▶ _AVAILABLE DATA_:
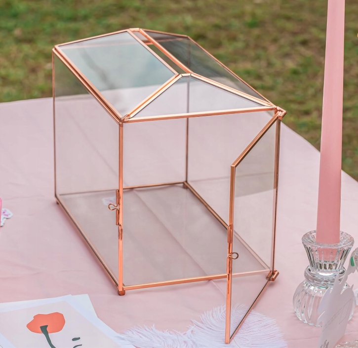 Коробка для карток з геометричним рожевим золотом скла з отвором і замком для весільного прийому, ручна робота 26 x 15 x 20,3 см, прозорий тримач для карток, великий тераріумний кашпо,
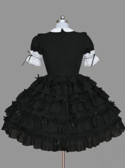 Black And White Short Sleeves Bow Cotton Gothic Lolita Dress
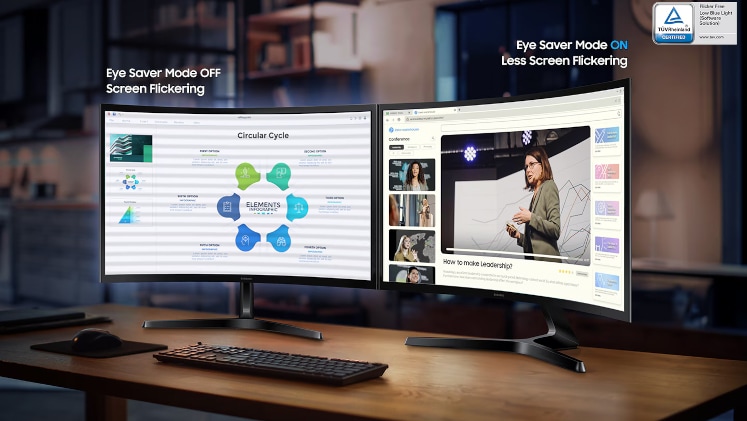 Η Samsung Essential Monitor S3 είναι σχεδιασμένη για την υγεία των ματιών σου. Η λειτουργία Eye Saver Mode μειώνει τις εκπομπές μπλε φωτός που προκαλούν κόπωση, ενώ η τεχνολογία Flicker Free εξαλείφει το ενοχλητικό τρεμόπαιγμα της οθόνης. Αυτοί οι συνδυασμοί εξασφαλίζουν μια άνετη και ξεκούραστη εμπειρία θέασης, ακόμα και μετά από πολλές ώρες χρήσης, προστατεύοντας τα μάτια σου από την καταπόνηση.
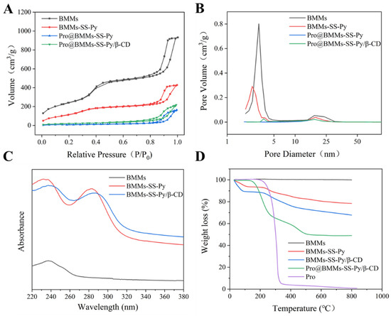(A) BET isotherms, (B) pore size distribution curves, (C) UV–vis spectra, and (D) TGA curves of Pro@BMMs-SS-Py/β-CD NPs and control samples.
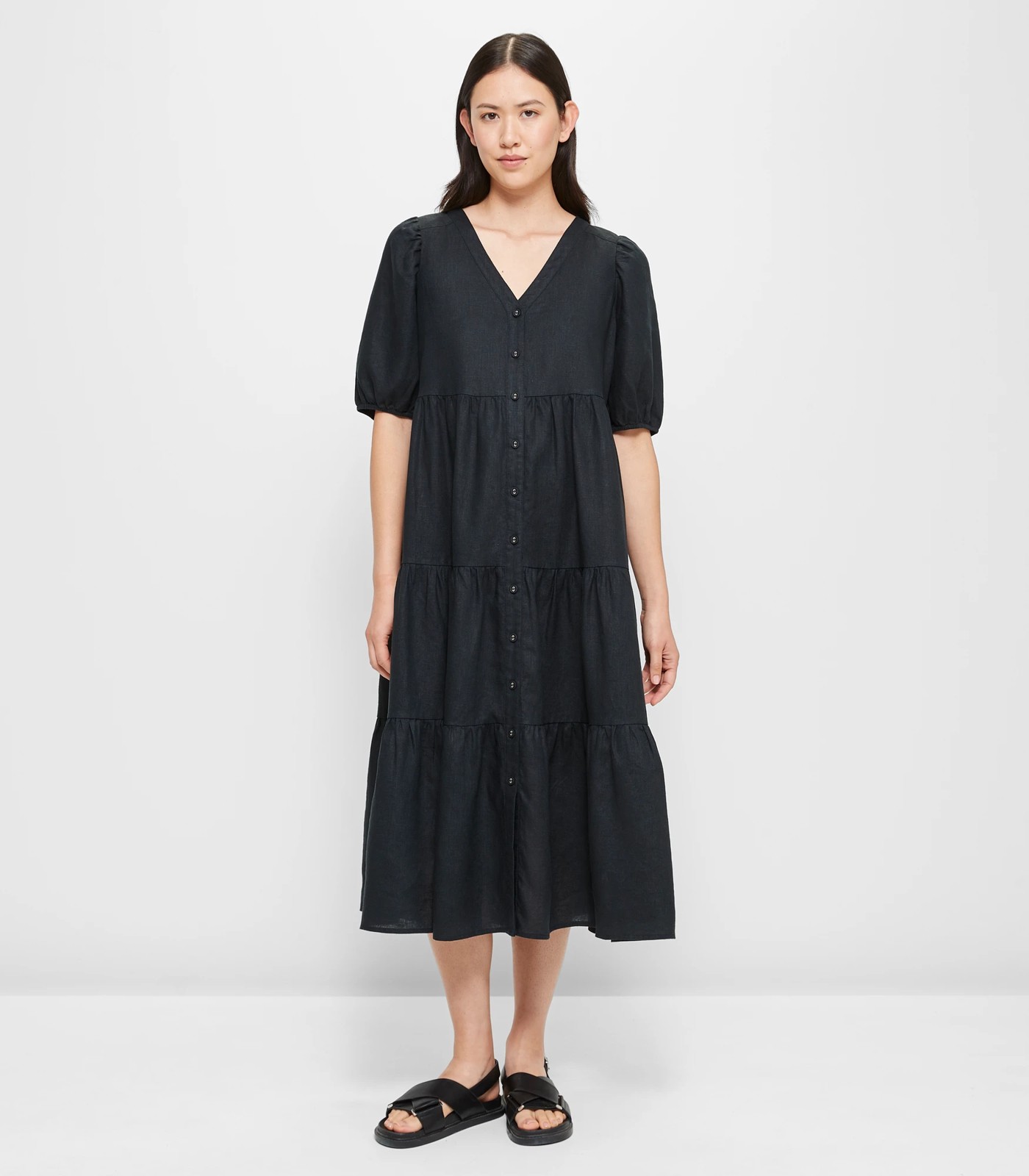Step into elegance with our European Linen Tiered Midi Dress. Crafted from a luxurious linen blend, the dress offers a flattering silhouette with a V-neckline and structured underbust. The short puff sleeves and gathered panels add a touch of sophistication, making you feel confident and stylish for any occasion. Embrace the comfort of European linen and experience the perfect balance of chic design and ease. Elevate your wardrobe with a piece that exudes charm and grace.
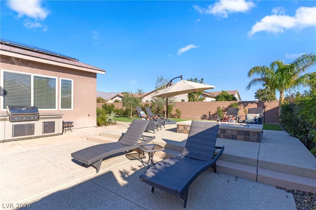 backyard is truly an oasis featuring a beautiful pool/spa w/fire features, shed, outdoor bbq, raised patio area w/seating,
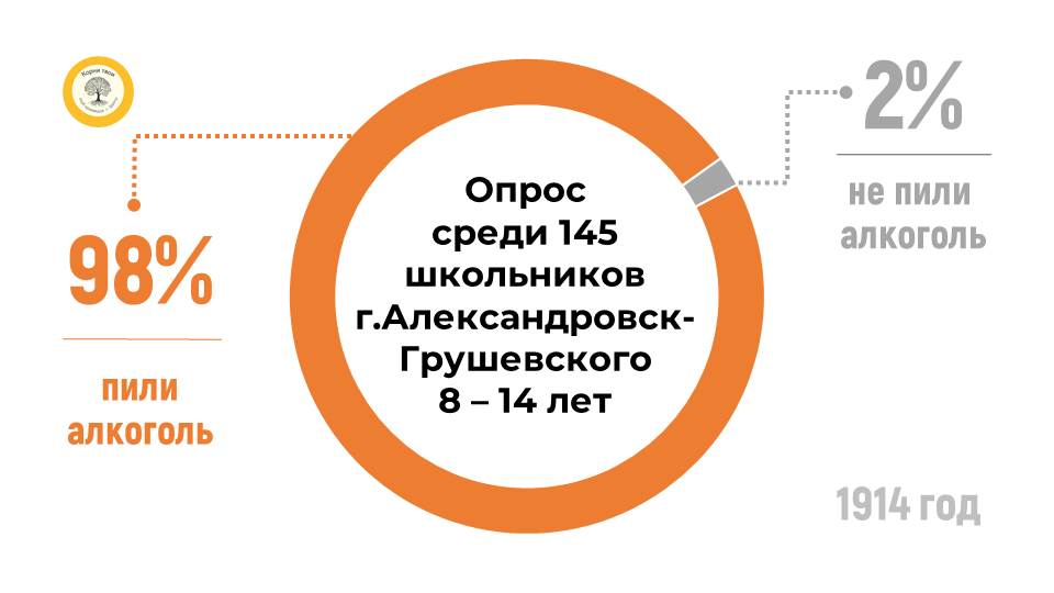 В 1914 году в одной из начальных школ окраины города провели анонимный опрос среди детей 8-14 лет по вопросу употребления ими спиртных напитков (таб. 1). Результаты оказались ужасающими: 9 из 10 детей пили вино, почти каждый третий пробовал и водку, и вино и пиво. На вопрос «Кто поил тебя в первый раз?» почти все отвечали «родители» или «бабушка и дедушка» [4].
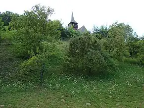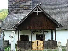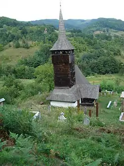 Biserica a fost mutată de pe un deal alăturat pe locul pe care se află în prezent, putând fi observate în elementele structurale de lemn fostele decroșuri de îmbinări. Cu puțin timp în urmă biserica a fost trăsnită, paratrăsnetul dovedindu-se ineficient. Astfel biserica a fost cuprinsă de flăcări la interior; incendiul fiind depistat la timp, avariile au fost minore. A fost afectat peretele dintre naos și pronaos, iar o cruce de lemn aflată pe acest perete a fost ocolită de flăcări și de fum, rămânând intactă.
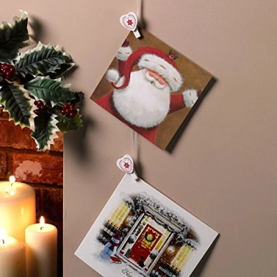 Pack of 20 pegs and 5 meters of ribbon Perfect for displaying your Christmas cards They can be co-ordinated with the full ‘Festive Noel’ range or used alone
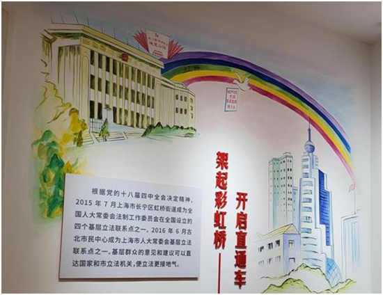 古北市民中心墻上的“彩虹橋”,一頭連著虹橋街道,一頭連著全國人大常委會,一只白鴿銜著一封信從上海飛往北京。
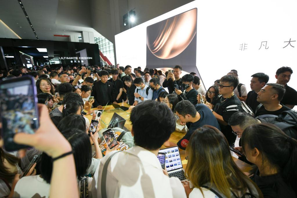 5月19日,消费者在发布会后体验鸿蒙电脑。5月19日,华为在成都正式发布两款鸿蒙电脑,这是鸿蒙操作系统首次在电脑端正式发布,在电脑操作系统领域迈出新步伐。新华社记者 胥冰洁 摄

▶ _YOUR ASSIGNMENT_: Return every record exactly, without the pictures.

▶ _EXPECTED ANSWER_:
 Коробка для карток з геометричним рожевим золотом скла з отвором і замком для весільного прийому, ручна робота 26 x 15 x 20,3 см, прозорий тримач для карток, великий тераріумний кашпо,
 Black And White Short Sleeves Bow Cotton Gothic Lolita Dress
 Η Samsung Essential Monitor S3 είναι σχεδιασμένη για την υγεία των ματιών σου. Η λειτουργία Eye Saver Mode μειώνει τις εκπομπές μπλε φωτός που προκαλούν κόπωση, ενώ η τεχνολογία Flicker Free εξαλείφει το ενοχλητικό τρεμόπαιγμα της οθόνης. Αυτοί οι συνδυασμοί εξασφαλίζουν μια άνετη και ξεκούραστη εμπειρία θέασης, ακόμα και μετά από πολλές ώρες χρήσης, προστατεύοντας τα μάτια σου από την καταπόνηση.
(A) BET isotherms, (B) pore size distribution curves, (C) UV–vis spectra, and (D) TGA curves of Pro@BMMs-SS-Py/β-CD NPs and control samples.
Step into elegance with our European Linen Tiered Midi Dress. Crafted from a luxurious linen blend, the dress offers a flattering silhouette with a V-neckline and structured underbust. The short puff sleeves and gathered panels add a touch of sophistication, making you feel confident and stylish for any occasion. Embrace the comfort of European linen and experience the perfect balance of chic design and ease. Elevate your wardrobe with a piece that exudes charm and grace.
 backyard is truly an oasis featuring a beautiful pool/spa w/fire features, shed, outdoor bbq, raised patio area w/seating,
 В 1914 году в одной из начальных школ окраины города провели анонимный опрос среди детей 8-14 лет по вопросу употребления ими спиртных напитков (таб. 1). Результаты оказались ужасающими: 9 из 10 детей пили вино, почти каждый третий пробовал и водку, и вино и пиво. На вопрос «Кто поил тебя в первый раз?» почти все отвечали «родители» или «бабушка и дедушка» [4].
 Biserica a fost mutată de pe un deal alăturat pe locul pe care se află în prezent, putând fi observate în elementele structurale de lemn fostele decroșuri de îmbinări. Cu puțin timp în urmă biserica a fost trăsnită, paratrăsnetul dovedindu-se ineficient. Astfel biserica a fost cuprinsă de flăcări la interior; incendiul fiind depistat la timp, avariile au fost minore. A fost afectat peretele dintre naos și pronaos, iar o cruce de lemn aflată pe acest perete a fost ocolită de flăcări și de fum, rămânând intactă.
 Pack of 20 pegs and 5 meters of ribbon Perfect for displaying your Christmas cards They can be co-ordinated with the full ‘Festive Noel’ range or used alone
 古北市民中心墻上的“彩虹橋”,一頭連著虹橋街道,一頭連著全國人大常委會,一只白鴿銜著一封信從上海飛往北京。
 5月19日,消费者在发布会后体验鸿蒙电脑。5月19日,华为在成都正式发布两款鸿蒙电脑,这是鸿蒙操作系统首次在电脑端正式发布,在电脑操作系统领域迈出新步伐。新华社记者 胥冰洁 摄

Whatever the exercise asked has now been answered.